Depending on your data source you may need to clean your data. Once you have a clean data file you need to save the file as a .CSV (Comma Separated Values) file.
Irish KMZ Datafile – There is no need to save this file in CSV format. http://www.independent.ie/editorial/test/map_lead.kml
Analysing your data will explain what the data is saying. This can be simple calculations looking at the average or medians (mid-point) of some parts of your data, which makes the data more understandable for your audience. The analysis below compares the population in Ireland in 2006 and 2011 showing the percentage increase in each county. A further analysis also compares the unemployment rates in each county for the same time periods.
To calculate the unemployment rate I also needed the total population that was eligible to work. This information can be found on the CSO website.
Creating Fusion Tables
- You need to have a Google Drive account.
- Add the Fusion Tables app
Settings, Manage Apps, Connect to more apps
- Create Your Table
iii) Google Fusion table
- After following the steps above you will be prompted to import and name the relevant files.
- Repeat steps 3 & 4 above for each table.
Follow the steps below to merge your data tables.
- Open one of the tables you wish to merge.
- From the “File” menu choose Merge.
- Select the second table you want to merge.
- Select the variables that are matching, this is how the tables join.
- Choose which variables you want displayed in the new merged table.
- Fusion Tables automatically create a new table containing the new merged data.
After merging the total population data with the Counties KMZ file you can show the population of the country by the size of the population in each county by assigning a colour code. See image below. The image below shows two heat maps created with Fusion Tables, each showing the population by county, one for 2006 and the other 2011.
Editing the Map
The colour scheme is assigned to each county based on the size of its’ population. This can be edited using the Change Map Function on the Map of Geometry tab.

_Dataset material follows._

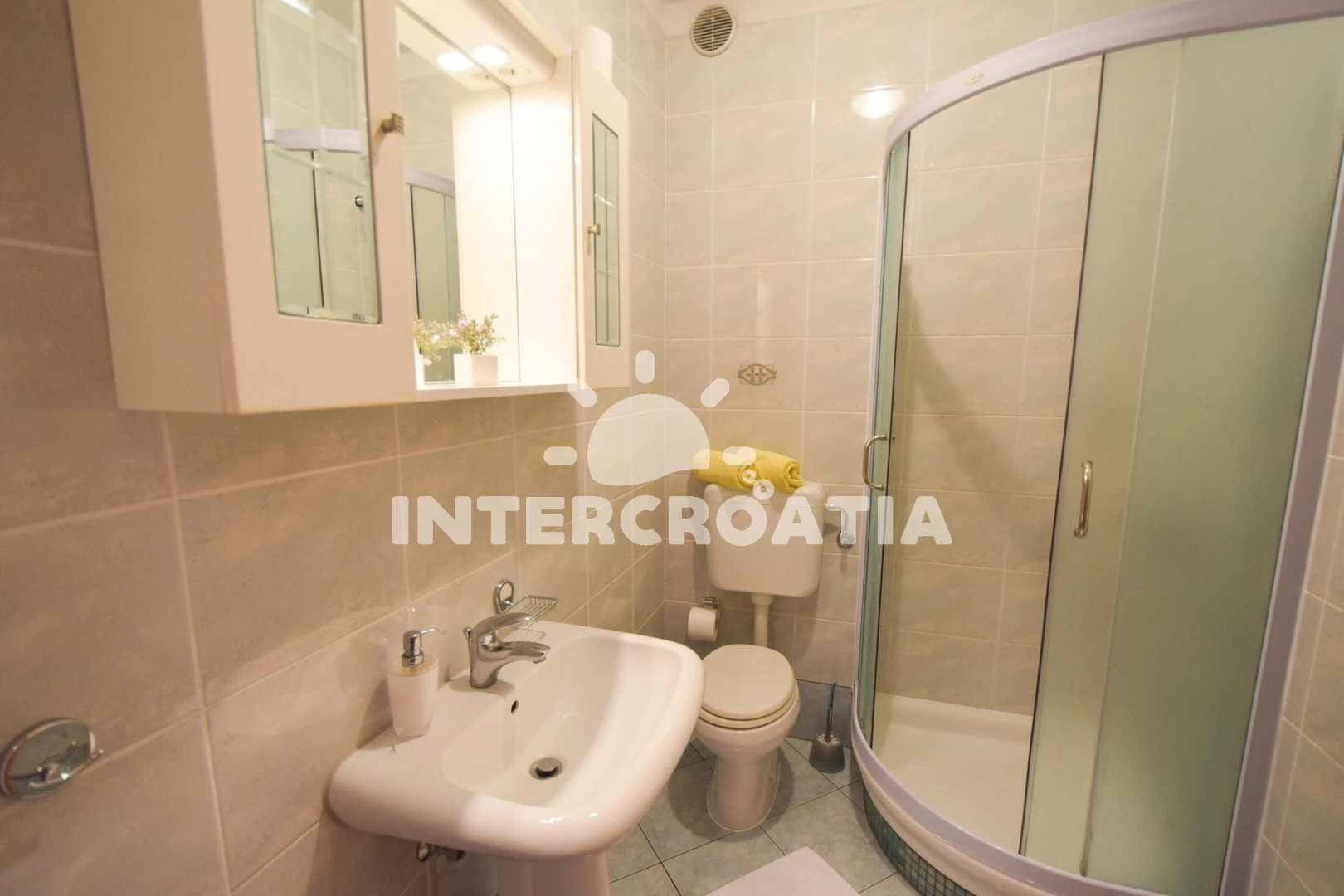 Apartmán se nachází 800 m od moře a pláže. Pláž je oblázková a betonové desky. U objektu je k dispozici společná zahrada s posezením a grilem. Parkování je před domem.

From there you can assign the ranges and colours you wish to use.
POPULATION 2006 v 2011
The maps above are showing the population spread by county in Ireland using the CSO Census data from 2006 and 2011. In 2008 Ireland suffered a huge property and financial crash triggering one of Ireland’s worst recessions, a recession that Ireland is only starting to come out of seven years later. During the time period 2008-2014 it has been widely reported that during the recession emigration levels has depleted the smaller counties of Ireland. But looking at the census data from 2006 and comparing it with 2011, there was an average national increase of 8% across all counties. Laois recorded the highest level of increase at 20%.

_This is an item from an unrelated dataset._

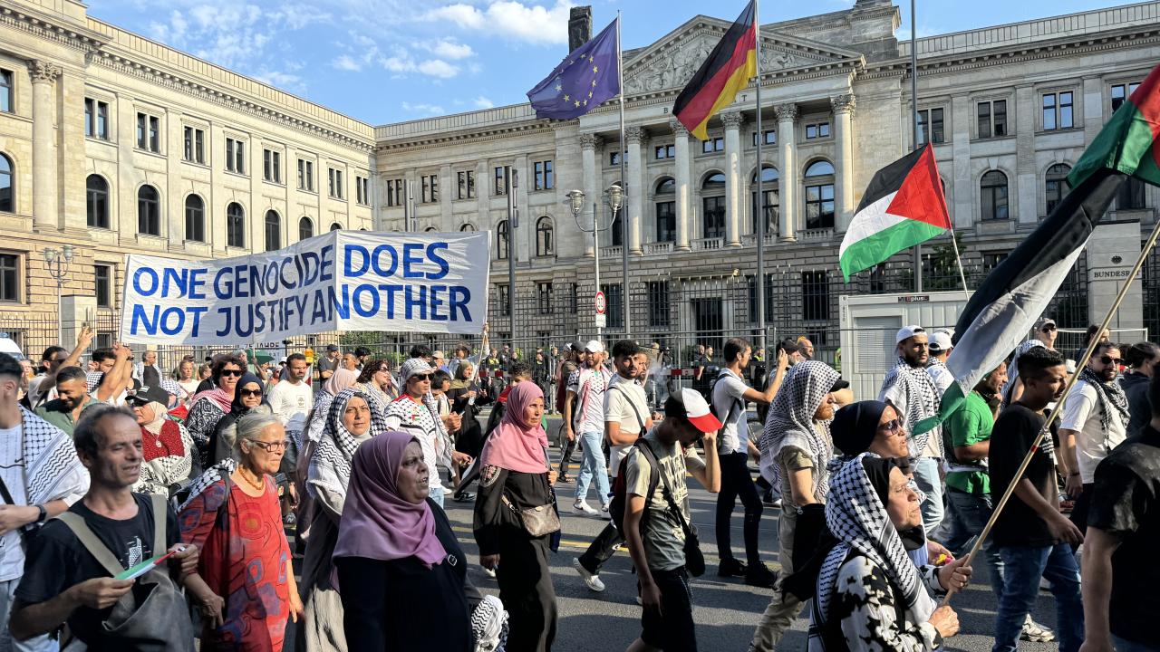 Yürüyüşün son noktası olan Potsdamerplatz’ta karşıt görüşlü üç kişinin İsrail bayrağını kaldırması üzerine gerginlikler arttı.

In 2006 over one in three counties had an average population of between 54,000. In 2011 this dropped to just over 25%. Excluding Dublin and Cork, who have a combined population of 1.8 million, the remaining counties have a median population of 136,640.

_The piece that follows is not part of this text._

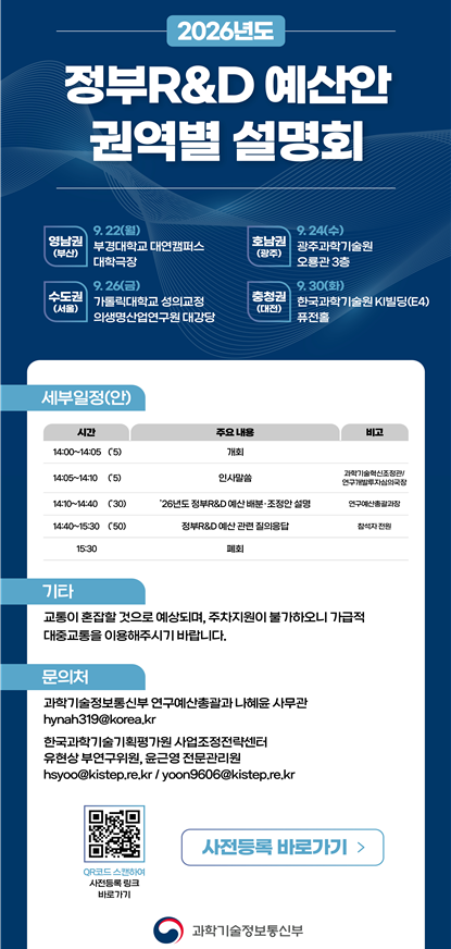 [금요저널] 과학기술정보통신부 과학기술혁신본부는 9월 22일부터 수도권, 충청권, 호남권, 영남권 등 4개 권역에서 2026년도 국가연구개발사업 예산안 권역별 설명회를 개최한다고 밝혔다.

As mentioned above the Irish population had an average growth rate of 8% between 2006 and 2011. When comparing the Population Aged 15 Years and Over, at the time of the 2006 census, the Irish economy was booming and employment rates were high. When the bubble burst in 2008 the small towns and counties where hit the hardest with job losses. In 2006 the country had an unemployment rate of 4.9% by the time of the 2011 census the rate had more than doubled to 13%. The map and chart below compare the numbers of those unemployed in 2006 and 2011 by county. The contrast between the two is staggering. Counties saw their unemployment numbers more than double, in some cases they trebled. Roscommon in 2006 had registered unemployed population aged 15 years and over of 1,385 by 2011 this figure was 5,409, an increase of nearly 400%. The average national increase was 290% for the time period covered. This was devastating to rural areas.